TASK DIRECTIONS: Give back the whole listing exactly as written, leaving out each picture.
*** Opening of LISTED RECORDS ***
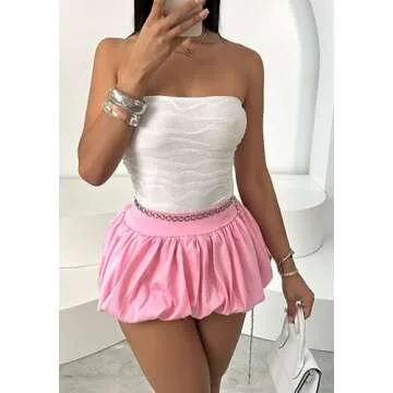LETSVDO Women's Bubble Mini Skirt Y2k Puffy Pleated Ruffle Elastic Waist A Line Flare Balloon Cute Summer Short Skirts
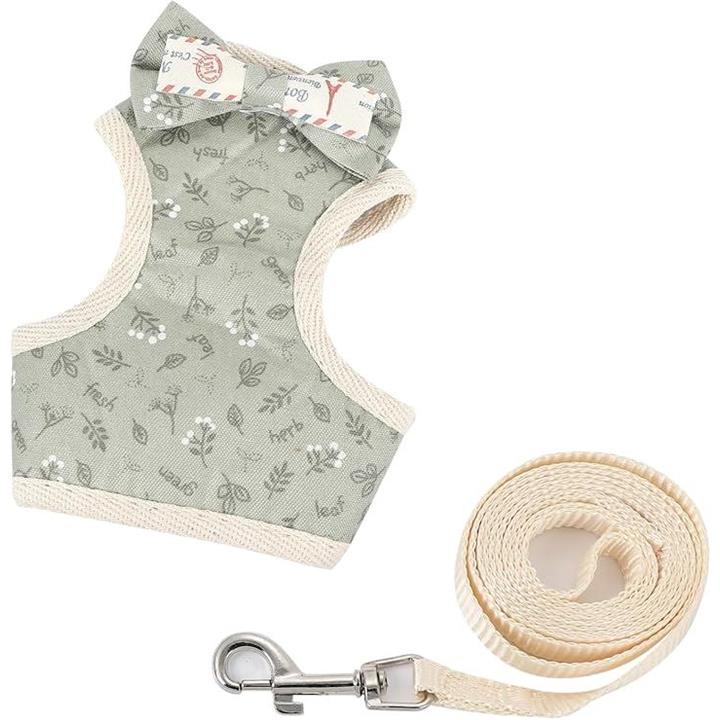 Uccellino リボン うさぎ ハーネス 通気性 長さ調整可 リード 簡単装着 ウサギ用ハーネス
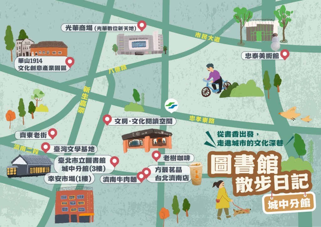 「家政」是臺北市立圖書館城中分館的館藏特色,你可以把它理解為涵蓋食衣住行育樂,將生活過得更好的小技巧和日常實踐。讓我們從城中分館出發,沿著市場、文學基地與商場一路散步,觀察那些安靜卻必要的角落,如何陪伴我們吃穿用度,怎麼安頓自己——日日實踐卻常忽略的「城市家政學」。
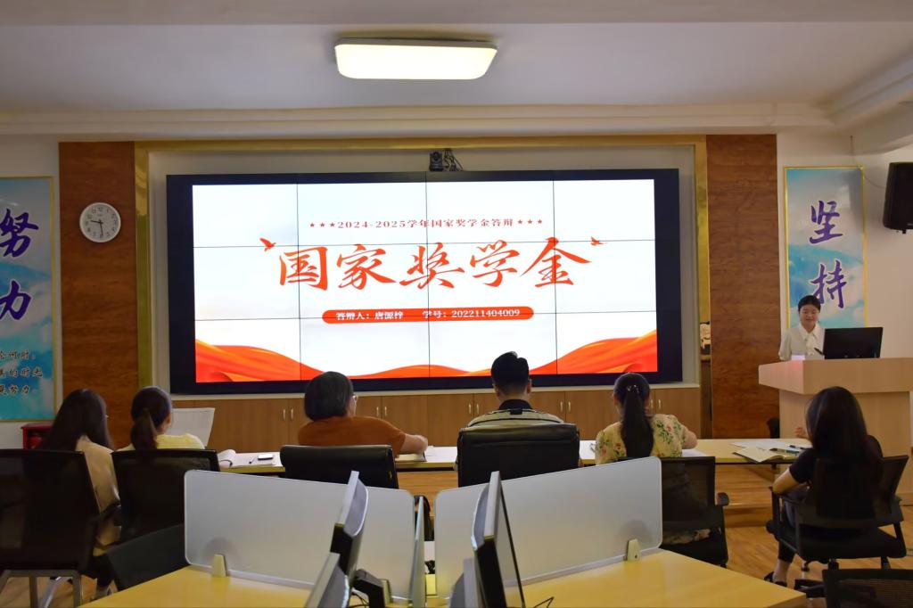 为增强国家奖学金评选结果的公信力,肯定学生个人努力,作好榜样示范,营造良好学风,法学院于10月9日上午8点30分在凌云楼智慧旅游实验室4-1开展国家奖学金公开答辩会。本次答辩的评委由法学院党委书记张琳,法学院学生科科长兼分团委书记刘沙,2022级辅导员吴军华,2023级辅导员王霞,2024级辅导员周敏以及2025级辅导员郭文梅组成。
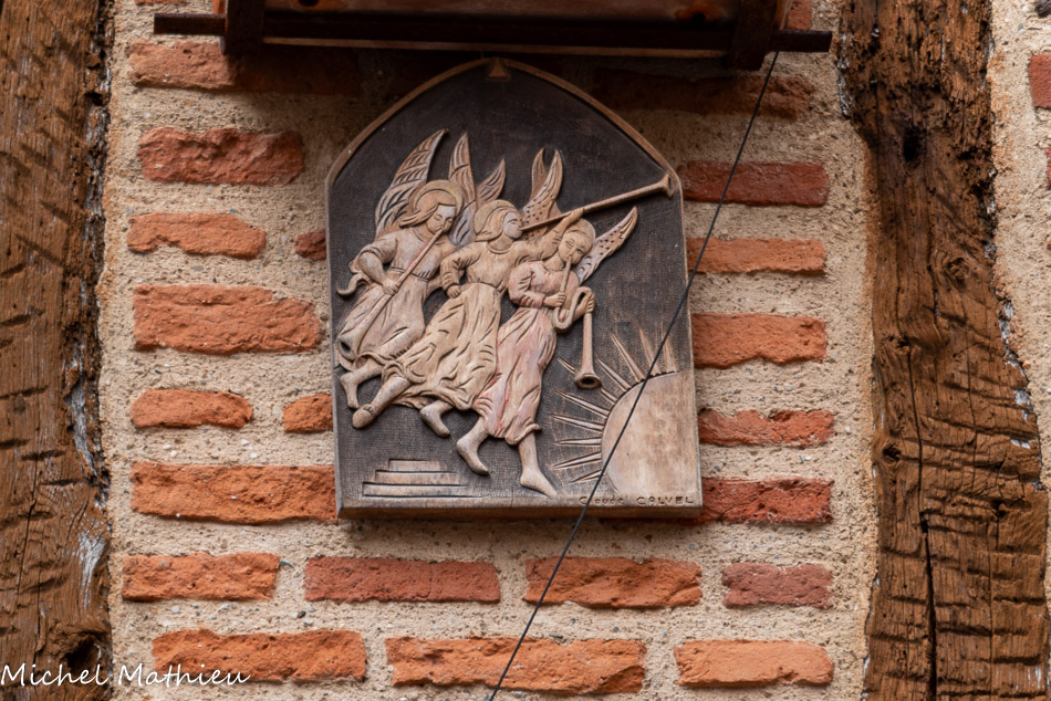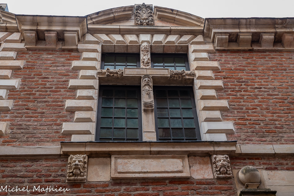 L’Hôtel de Ville (XVIIe siècle). Le premier étage est percé d'une fenêtre à meneaux, à encadrement en briques, de même que les pilastres. Les meneaux portent des sculptures.
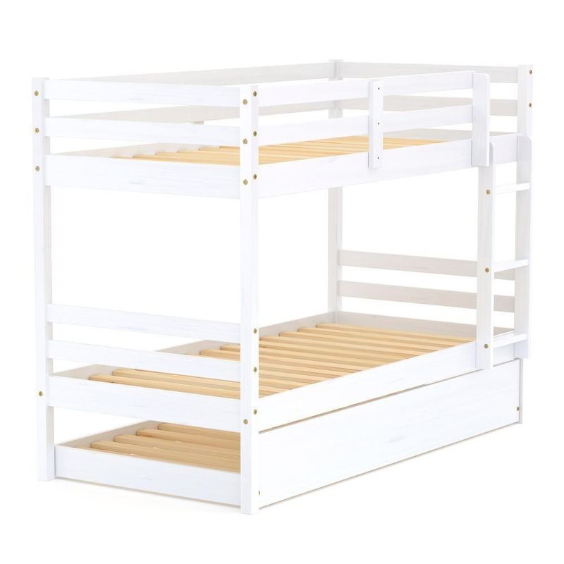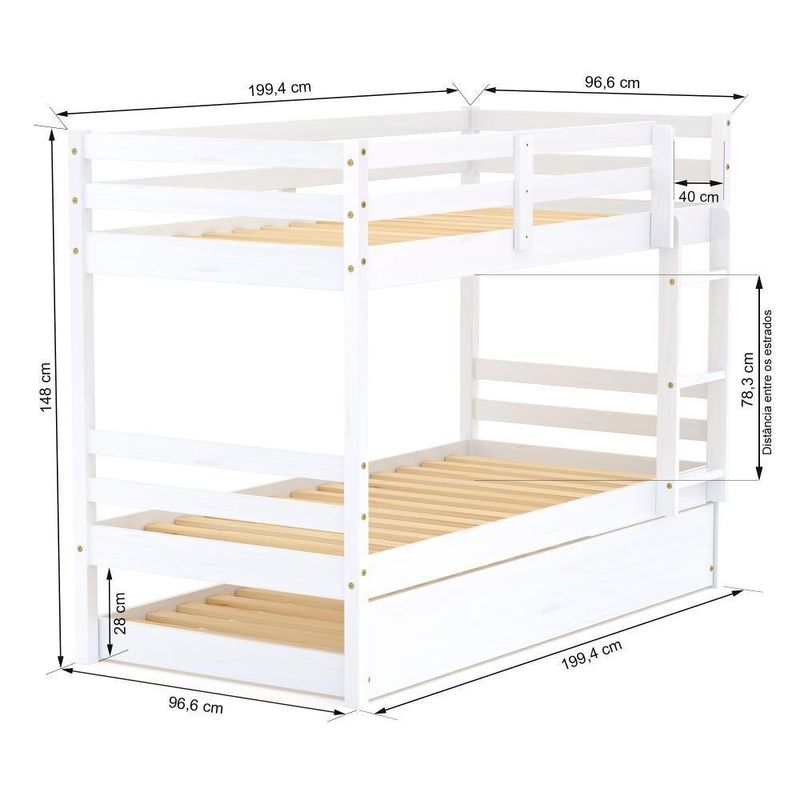 Treliche Infantil Dreams Madeira Maciça Branco MegamobiliaDETALHESAcabamento: Branco UV (pode mostrar veios da madeira)Estrutura: Madeira Maciça de Pinus de ReflorestamentoMedidas dos Colchões da Cama de Solteiro (cm x cm): 188x88 (Não Incluso)Medidas do Colchão da Cama Auxiliar (cm x cm): 188x88 e Altura Máxima 14 (Não Incluso)Peso Suportado Cama de Solteiro: 120 KgPeso Suportado Cama de Auxiliar: 120 KgDiferenciais: Todo em Madeira, Escada Fixa, Grade de Proteção Dupla, Auxiliar com 4 Rodízios.DIMENSÕES DO BELICHE MONTADOAltura (cm):148Largura (cm):199,4Profundidade (cm):96,6DIMENSÕES DA CAMA AUXILIARLargura (cm):189Altura (cm):26Profundidade (cm):94INFORMAÇÕES COMPLEMENTARESGarantia do Fabricante: Prazo de 3 meses por defeito de fabricaçãoNecessita de Montagem: SIM (Acompanha manual de montagem)Atenção: Não realizamos serviço de montagem e instalação. Imagens meramente ilustrativas. Cores e tonalidades podem variar.EMBALAGEMPeso (KG):64Quantidade de Volumes:03 Material Principal: Madeira | Cor Predominante: Branco | Necessita Montagem: Sim | Acompanha Colchão: Não | Tipo de Cama: Treliche | Tamanho da Cama: 88 | Altura: 148 | Largura: 96,6 | Peso máximo suportado: 120 | Peso: 67 | Comprimento: 199 | Cor Via: Branco | Altura com Embalagem: 148 | Largura com Embalagem: 96,6 | Comprimento com Embalagem: 199 | Peso com Embalagem: 67 | Descrição do Tamanho: 148 x 96,6 x 199
*** Close of LISTED RECORDS ***
TASK RESPONSE:
LETSVDO Women's Bubble Mini Skirt Y2k Puffy Pleated Ruffle Elastic Waist A Line Flare Balloon Cute Summer Short Skirts
 Uccellino リボン うさぎ ハーネス 通気性 長さ調整可 リード 簡単装着 ウサギ用ハーネス
 「家政」是臺北市立圖書館城中分館的館藏特色,你可以把它理解為涵蓋食衣住行育樂,將生活過得更好的小技巧和日常實踐。讓我們從城中分館出發,沿著市場、文學基地與商場一路散步,觀察那些安靜卻必要的角落,如何陪伴我們吃穿用度,怎麼安頓自己——日日實踐卻常忽略的「城市家政學」。
 为增强国家奖学金评选结果的公信力,肯定学生个人努力,作好榜样示范,营造良好学风,法学院于10月9日上午8点30分在凌云楼智慧旅游实验室4-1开展国家奖学金公开答辩会。本次答辩的评委由法学院党委书记张琳,法学院学生科科长兼分团委书记刘沙,2022级辅导员吴军华,2023级辅导员王霞,2024级辅导员周敏以及2025级辅导员郭文梅组成。
 L’Hôtel de Ville (XVIIe siècle). Le premier étage est percé d'une fenêtre à meneaux, à encadrement en briques, de même que les pilastres. Les meneaux portent des sculptures.
 Treliche Infantil Dreams Madeira Maciça Branco MegamobiliaDETALHESAcabamento: Branco UV (pode mostrar veios da madeira)Estrutura: Madeira Maciça de Pinus de ReflorestamentoMedidas dos Colchões da Cama de Solteiro (cm x cm): 188x88 (Não Incluso)Medidas do Colchão da Cama Auxiliar (cm x cm): 188x88 e Altura Máxima 14 (Não Incluso)Peso Suportado Cama de Solteiro: 120 KgPeso Suportado Cama de Auxiliar: 120 KgDiferenciais: Todo em Madeira, Escada Fixa, Grade de Proteção Dupla, Auxiliar com 4 Rodízios.DIMENSÕES DO BELICHE MONTADOAltura (cm):148Largura (cm):199,4Profundidade (cm):96,6DIMENSÕES DA CAMA AUXILIARLargura (cm):189Altura (cm):26Profundidade (cm):94INFORMAÇÕES COMPLEMENTARESGarantia do Fabricante: Prazo de 3 meses por defeito de fabricaçãoNecessita de Montagem: SIM (Acompanha manual de montagem)Atenção: Não realizamos serviço de montagem e instalação. Imagens meramente ilustrativas. Cores e tonalidades podem variar.EMBALAGEMPeso (KG):64Quantidade de Volumes:03 Material Principal: Madeira | Cor Predominante: Branco | Necessita Montagem: Sim | Acompanha Colchão: Não | Tipo de Cama: Treliche | Tamanho da Cama: 88 | Altura: 148 | Largura: 96,6 | Peso máximo suportado: 120 | Peso: 67 | Comprimento: 199 | Cor Via: Branco | Altura com Embalagem: 148 | Largura com Embalagem: 96,6 | Comprimento com Embalagem: 199 | Peso com Embalagem: 67 | Descrição do Tamanho: 148 x 96,6 x 199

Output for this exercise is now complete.